PROBLEM STATEMENT: Verbatim transcription with images omitted: return the entries below in full.
┄┄┄┄┄┄┄┄┄┄┄┄┄┄┄┄┄┄┄┄
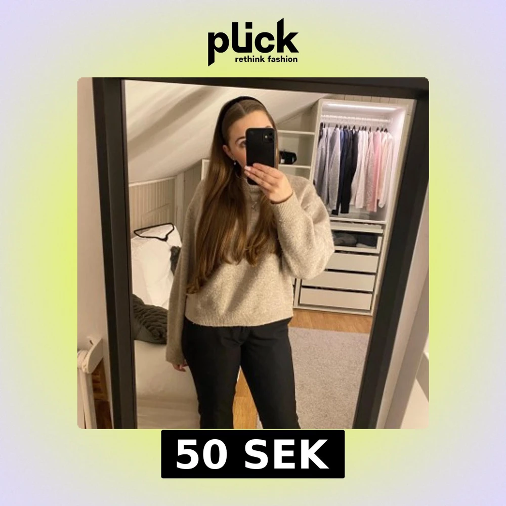 Säljer en mysig beige stickad tröja med rund hals och långa ärmar🥰 Öppen för pris förslag❣️
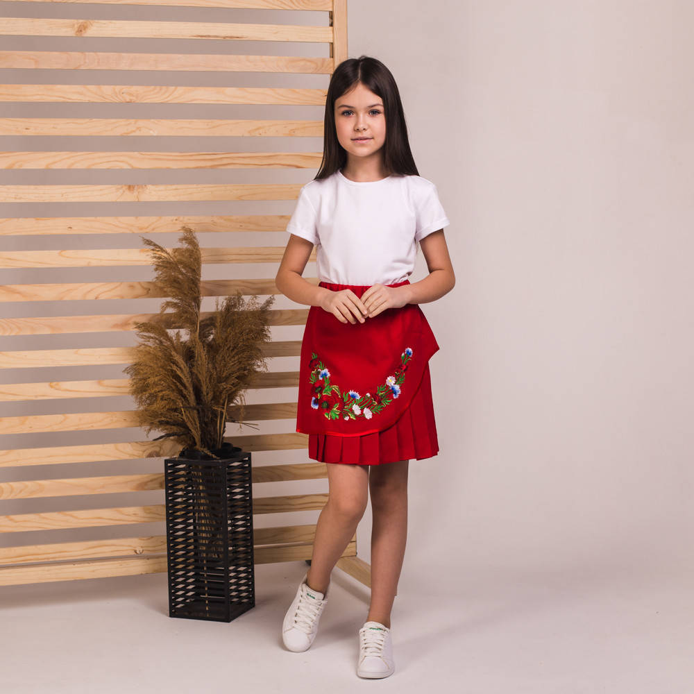 Червона вишита спідничка для дівчинки. Спідничку можна носити під вишиваночку, звичайну блузу або футболочку з вишивкою чи без неї.
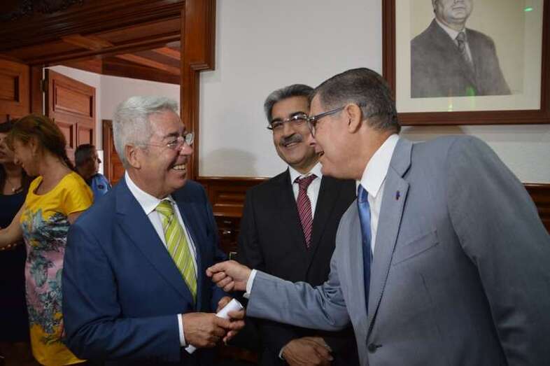 Román Rodríguez, con miembros de su partido y el socialista Gumersindo Hernández (Foto TA) Román Rodríguez, con miembros de su partido y el socialista Gumersindo Hernández (Foto TA)
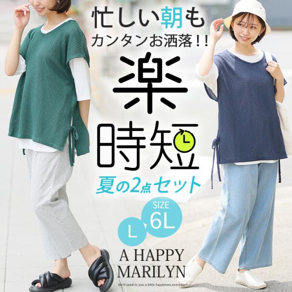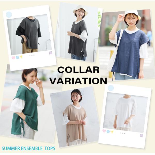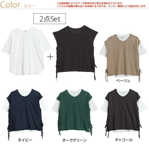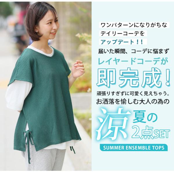 大きいサイズ レディース アンサンブル コーデがマッチ ワッフル風ベスト & ゆるTシャツ アンサンブル トップス コーデセット 2点セット LL 3L 4L 5L A
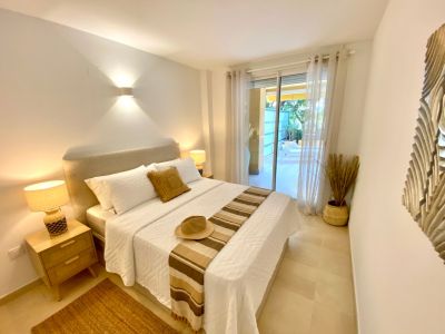 L'espace nuit se compose de deux chambres doubles avec placards intégrés. La chambre principale bénéficie d'un accès direct à la terrasse, tandis que la deuxième chambre est parfaite pour les invités ou les enfants. L'appartement dispose de deux salles de bains complètes, l'une avec baignoire et l'autre avec une cabine de douche moderne. La climatisation est assurée par des unités split dans les pièces principales. Le complexe offre des installations communautaires exceptionnelles, dont une grande piscine entourée de jardins tropicaux soignés et de pelouses.
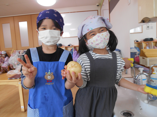 じゃがいもを洗います。
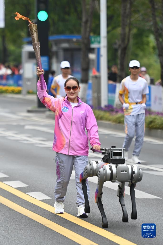 10月19日,火炬手蔡瓊卉在智能導盲犬的引導下進行火炬?zhèn)鬟f。這是智能導盲犬首次在大型賽事火炬?zhèn)鬟f中亮相,它以四足智能機器人視覺識別能力引導視障殘疾人行走。新華社記者 黃宗治 攝
┄┄┄┄┄┄┄┄┄┄┄┄┄┄┄┄┄┄┄┄
RESPONSE AREA:
 Säljer en mysig beige stickad tröja med rund hals och långa ärmar🥰 Öppen för pris förslag❣️
 Червона вишита спідничка для дівчинки. Спідничку можна носити під вишиваночку, звичайну блузу або футболочку з вишивкою чи без неї.
 Román Rodríguez, con miembros de su partido y el socialista Gumersindo Hernández (Foto TA) Román Rodríguez, con miembros de su partido y el socialista Gumersindo Hernández (Foto TA)
 大きいサイズ レディース アンサンブル コーデがマッチ ワッフル風ベスト & ゆるTシャツ アンサンブル トップス コーデセット 2点セット LL 3L 4L 5L A
 L'espace nuit se compose de deux chambres doubles avec placards intégrés. La chambre principale bénéficie d'un accès direct à la terrasse, tandis que la deuxième chambre est parfaite pour les invités ou les enfants. L'appartement dispose de deux salles de bains complètes, l'une avec baignoire et l'autre avec une cabine de douche moderne. La climatisation est assurée par des unités split dans les pièces principales. Le complexe offre des installations communautaires exceptionnelles, dont une grande piscine entourée de jardins tropicaux soignés et de pelouses.
 じゃがいもを洗います。
 10月19日,火炬手蔡瓊卉在智能導盲犬的引導下進行火炬?zhèn)鬟f。這是智能導盲犬首次在大型賽事火炬?zhèn)鬟f中亮相,它以四足智能機器人視覺識別能力引導視障殘疾人行走。新華社記者 黃宗治 攝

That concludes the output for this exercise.